Quando empinada, a base escapava do perigo, mas a rabiola se enroscava nos fios. Fracassava repetidamente no enfrentamento inimigo.
Eu odiava os postes com todas as minhas lágrimas, que reduziam o céu da minha infância, que não me permitiam voar alto.
Outra vez, o exército de postes, com seus novelos enfeando a paisagem, com sua cabeleira enredada de conexões, apresenta-se como vilão incidental por tantos transtornos nos dias de apagão.
Como diz meu colega Marcelo Rech, em sua racionalidade límpida, “enquanto houver vento e árvore, haverá falta de energia”.
A única solução é enterrar a fiação, é mudar a fiação hoje aérea para a subterrânea.
Com a regularidade de eventos climáticos adversos nos últimos meses, como ciclone extratropical, enchente (a maior desde 1941) e tempestades com rajadas violentas a 89 km/h, só nos resta assumir a empreitada de tal investimento. O custo é a nossa sobrevivência. Ou sempre careceremos de energia elétrica, sofrendo baques constantes em nossa economia.
Não podemos culpabilizar as árvores, pois elas são determinantes para a qualidade do nosso ar e responsáveis por alcançarmos o raro status de uma das capitais mais arborizadas do país.
As companhias de energia não têm como recorrer mais a soluções paliativas.
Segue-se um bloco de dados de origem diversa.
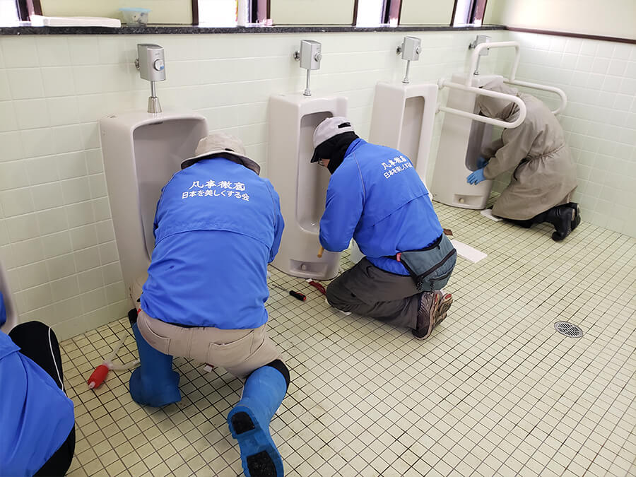 活動紹介 ホーム 活動紹介第109回 彦根掃除に学ぶ会 第109回 彦根掃除に学ぶ会 滋賀 彦根掃除に学ぶ会 トイレ掃除 2023.02.05 彦根城の内堀の中にある金亀公園でのトイレ掃除でした。 男子トイレの尿石がなかなか根性があって、1時間半、真剣に立ち向かいました。 綺麗になった便器を見て、寒かったが参加してよかった。今日一日が輝いて見えました。 彦根掃除に学ぶ会 川崎 雅弘 次回の活動予定 【日程】 2023年3月5日(日) 7時30分~9時30分 【集合場所】 彦根市金亀公園トイレ前 次回の開催案内を見る ヒデさんのひとこと こびりついた尿石取りは大変ですね。そこに諦めずの姿勢は立派です。次回は、その前後の写真を見させていただけたら嬉しゅうございます。
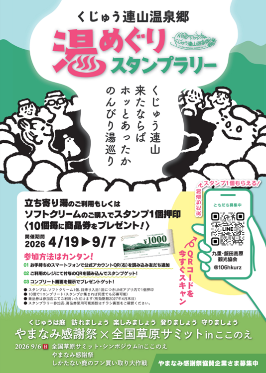 大人気企画「~くじゅう連山温泉郷~湯めぐりスタンプラリー」が今年も始まります。
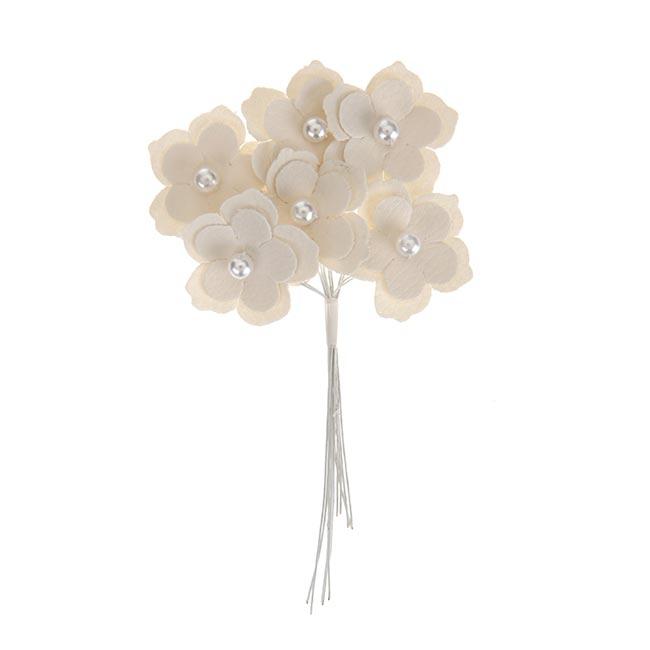 Ein wahrer Hingucker! Die kleinen Blüten bestehen aus weißem Kunstleder und sind jeweils mit einer Perle aus Kunststoff verziert. Pro Packung sind 5 Blüten (ca. 3 cm) enthalten. Sie sind an einem weißen Draht befestigt, und können so nach Belieben dekoriert werden.
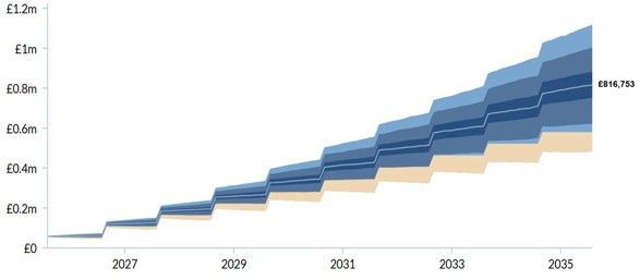 Let’s first look at how £58,000 a year would accrue if invested in a Netwealth Risk Level 7 portfolio through a general investment account and subject to a higher-rate tax. This would build up to £702,757 after 10 years in the average scenario.
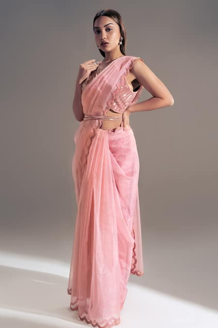 Pink Organza, Suede Floral V Neck Scallop Saree With Blouse
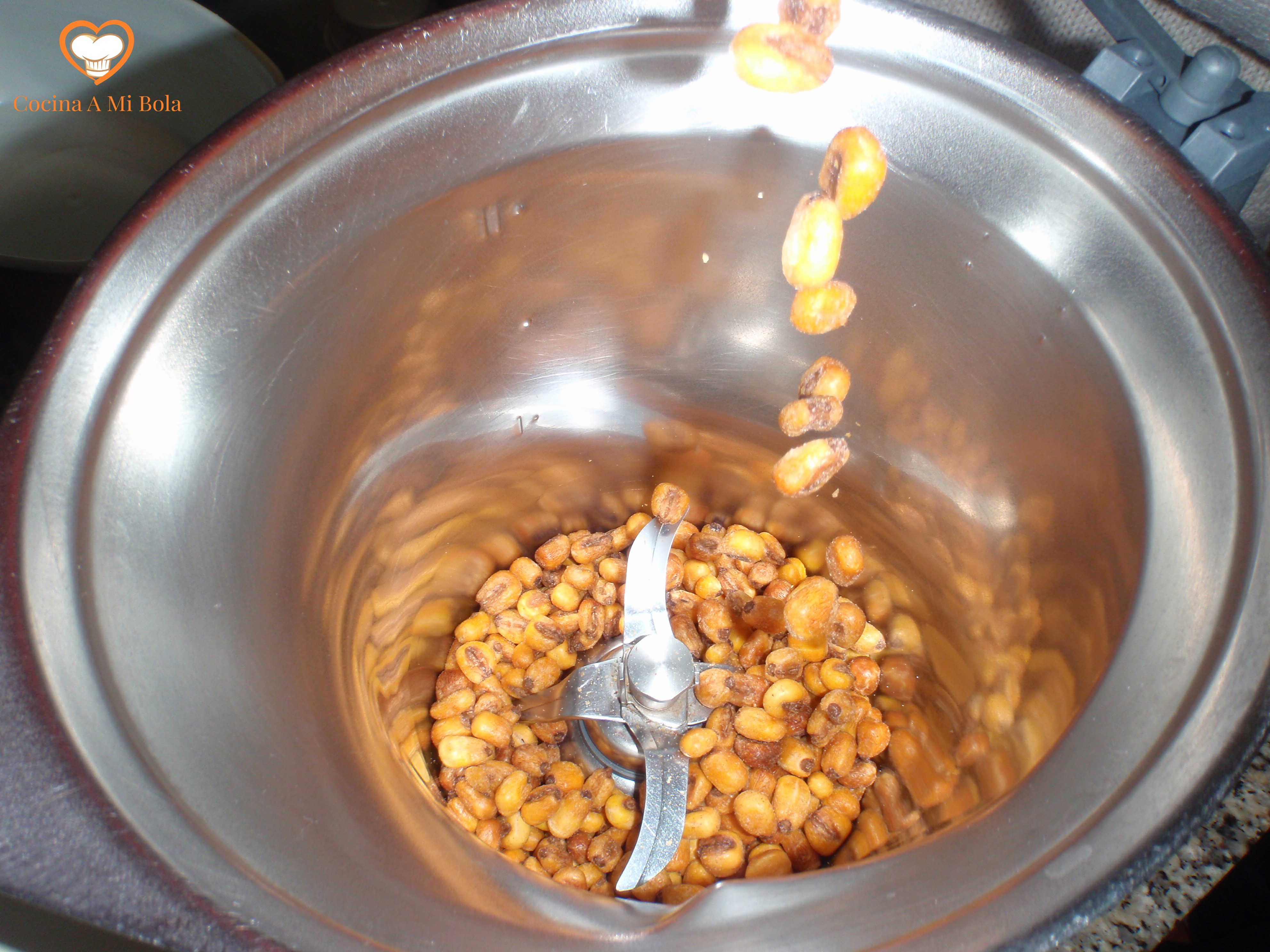 CUARTO.- Echamos los kikos en el robot de cocina y los picamos para que tomen una textura algo más gruesa que el pan rallado. Naturalmente, es a ojo, así que vigila para que no se hagan harina.
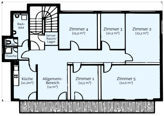 Im Innsbrucker Stadtteil Saggen, zwischen der Innpromenade und der gut frequentierten Bushaltestelle Mühlauer Brücke gelegen, gelangt ab 1.3.2022 die 5-Zimmer Dachgeschoßwohnung eines Hauses – bevorzugt als Wohngemeinschaft - zur Vermietung.

Ou enterram a fiação, ou enterram definitivamente qualquer credibilidade na distribuição do serviço, que já não é barato para o consumidor.
Vou além: o caminho para a evolução já está pavimentado pelo Executivo. O prefeito Sebastião Melo (MDB) sancionou lei que determina que empresas e concessionárias substituam o sistema atual por um cabeamento subterrâneo até abril de 2038. O projeto, de autoria dos vereadores Cassiá Carpes (PP) e Fernanda Barth (PL), foi aprovado em dezembro de 2022 pela Câmara Municipal.
A questão agora é, a partir do estardalhaço da opinião pública, vencer as resistências idiossincráticas da CEEE Equatorial para começar logo os trabalhos. Não podemos esperar 14 anos, o prazo máximo legal, para mexer no solo.
Aliás, qualquer edificação vindoura na cidade já é obrigada a seguir a legislação, como condição prévia para aprovação do loteamento.
A nova orla do Guaíba é um exemplo da beleza desimpedida com a implantação do sistema subterrâneo. Na região, os fios estão debaixo da terra.
Lá, minhas pandorgas de menino seriam livres.